The Kidney Shortage
The key lesson in all this is that we should look with deep suspicion on any blanket objection to market incentives -- especially from the high-minded moralists who have convinced themselves that their aesthetic sensibilities and instinctive revulsion should trump any humane efforts to save lives.I address this issue in my principles text:
Should There Be a Market in Organs?
On April 12, 2001, the front page of The Boston Globe ran the headline "How a Mother's Love Helped Save Two Lives." The newspaper told the story of Susan Stephens, a woman whose son needed a kidney transplant. When the doctor learned that the mother's kidney was not compatible, he proposed a novel solution: If Stephens donated one of her kidneys to a stranger, her son would move to the top of the kidney waiting list. The mother accepted the deal, and soon two patients had the transplant they were waiting for.

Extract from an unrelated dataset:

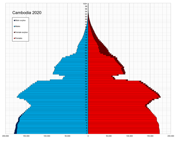 По данным на 2020 год население страны составляет 16 926 984 человек, свыше 97 % из них — кхмеры. Оставшаяся часть представлена главным образом тямами, вьетнамцами, китайцами и горными кхмерами. Прирост населения составляет на 2020 год примерно 1,4 %. Гендерный состав: 950 мужчин на 1000 женщин. Средняя продолжительность жизни составляет 65,9 года (63,4 лет — у мужчин и 68,6 лет — у женщин). Городское население по данным на 2020 год — 24,2 %. Уровень грамотности на 2018 год: 80,5 % (86,5 % мужчин и 75 % женщин)[15].
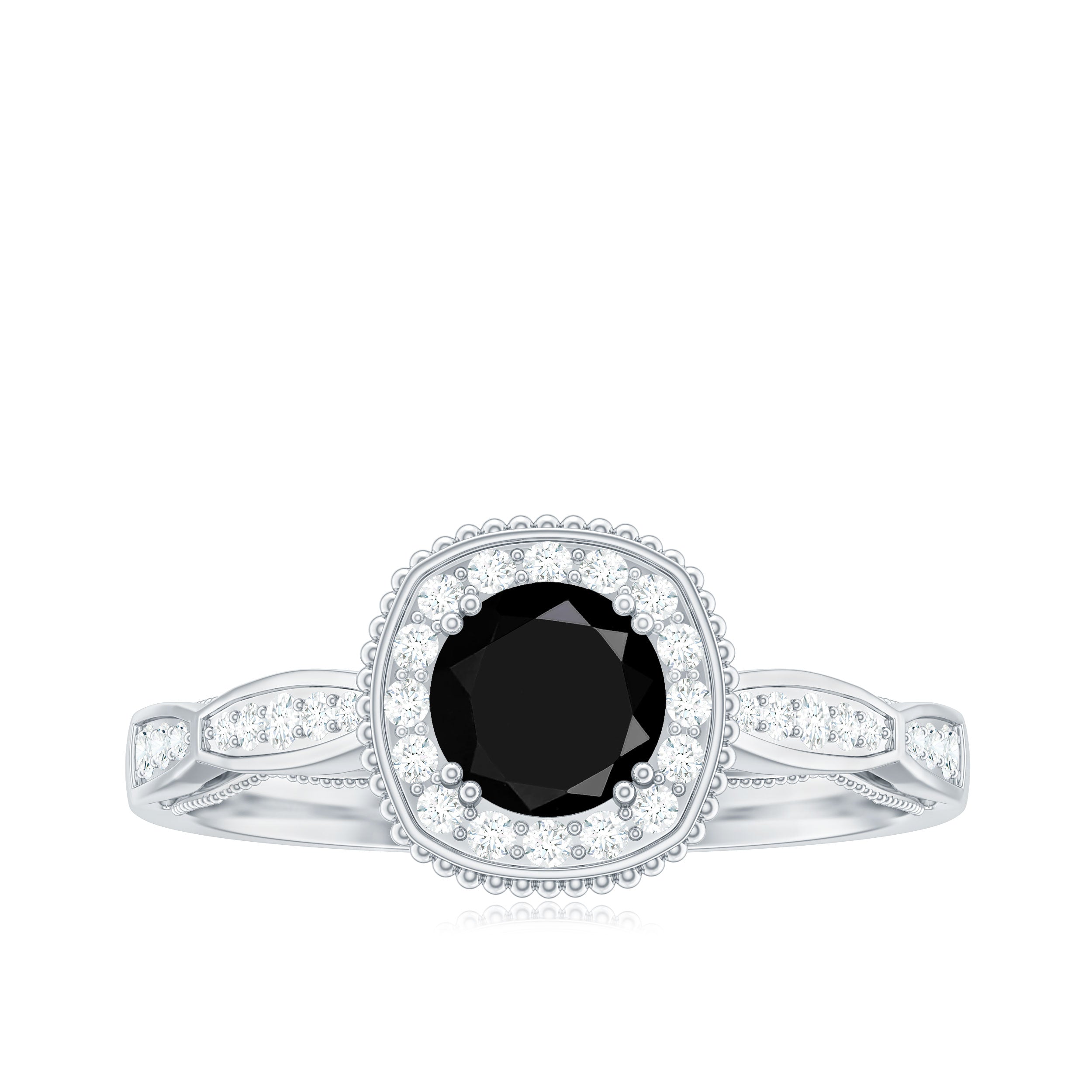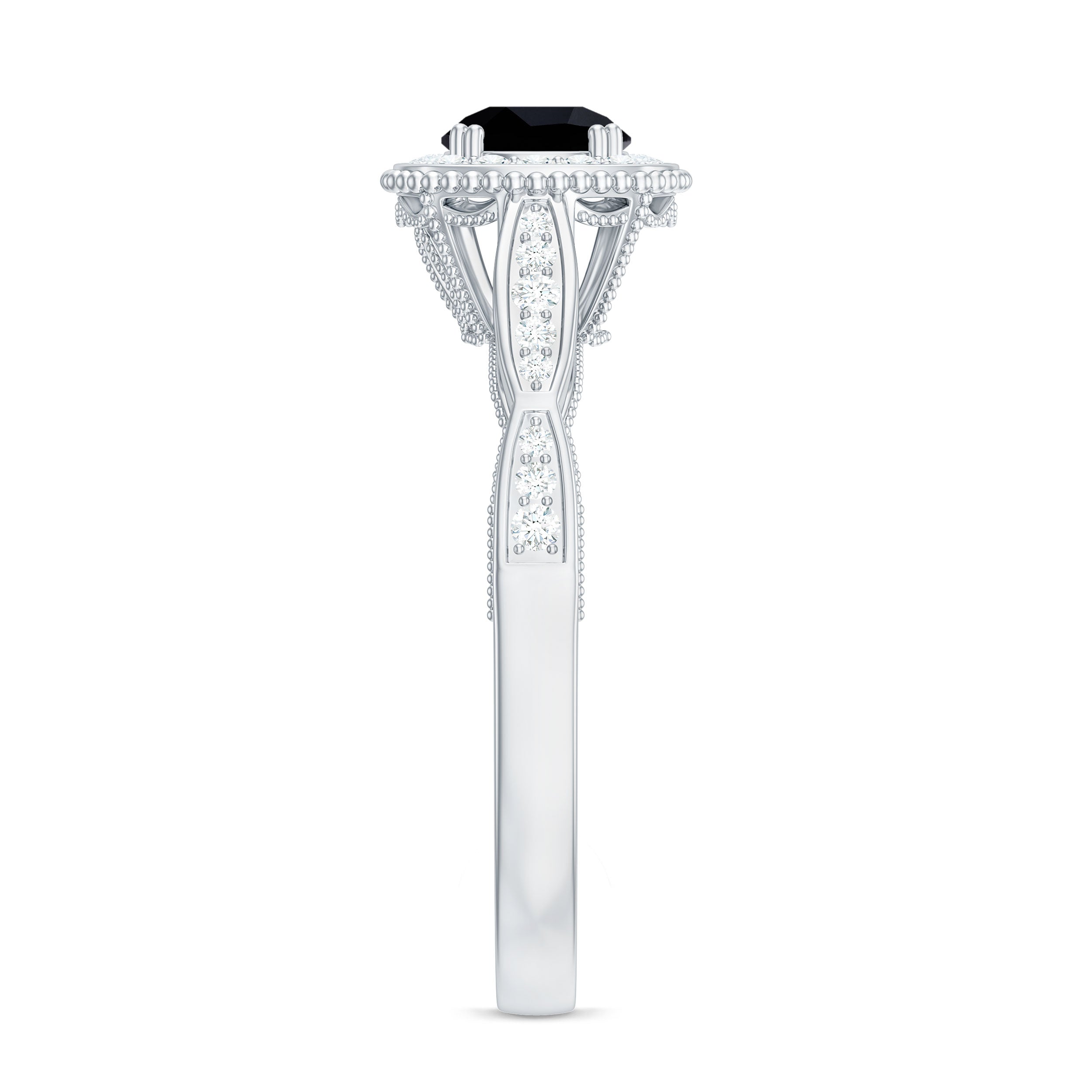 The littering Halo Engagement Ring features delicate Surface Prong Set Diamond Halo that encircle the center Round Shape Black Diamond with a designer shank, and adorn the band with Milgrain Detail. The Antique Design makes this ring light and feminine for a truly special look. Adorn yourself with our perfect black diamond and Diamond Engagement Ring on your big day.

The ingenuity of the doctor's proposal and the nobility of the mother's act cannot be doubted. But the story raises some intriguing questions. If the mother could trade a kidney for a kidney, would the hospital allow her to trade a kidney for an expensive, experimental cancer treatment that she could not afford otherwise? Should she be allowed to exchange her kidney for free tuition for her son at the hospital's medical school? Should she be able to sell her kidney so she can use the cash to trade in her old Chevy for a new Lexus?
As a matter of public policy, people are not allowed to sell their organs. In essence, in the market for organs, the government has imposed a price ceiling of zero. The result, as with any binding price ceiling, is a shortage of the good. The deal in the Stephens case did not fall under this prohibition because no cash changed hands.
Many economists believe that there would be large benefits to allowing a free market in organs. People are born with two kidneys, but they usually need only one. Meanwhile, a few people suffer from illnesses that leave them without any working kidney. Despite the obvious gains from trade, the current situation is dire: The typical patient has to wait several years for a kidney transplant, and thousands of people die every year because a kidney cannot be found. If those needing a kidney were allowed to buy one from those who have two, the price would rise to balance supply and demand. Sellers would be better off with the extra cash in their pockets. Buyers would be better off with the organ they need to save their lives. The shortage of kidneys would disappear.
Such a market would lead to an efficient allocation of resources, but critics of this plan worry about fairness. A market for organs, they argue, would benefit the rich at the expense of the poor because organs would then be allocated to those most willing and able to pay. But you can also question the fairness of the current system. Now, most of us walk around with an extra organ that we don't really need, while some of our fellow citizens are dying to get one. Is that fair?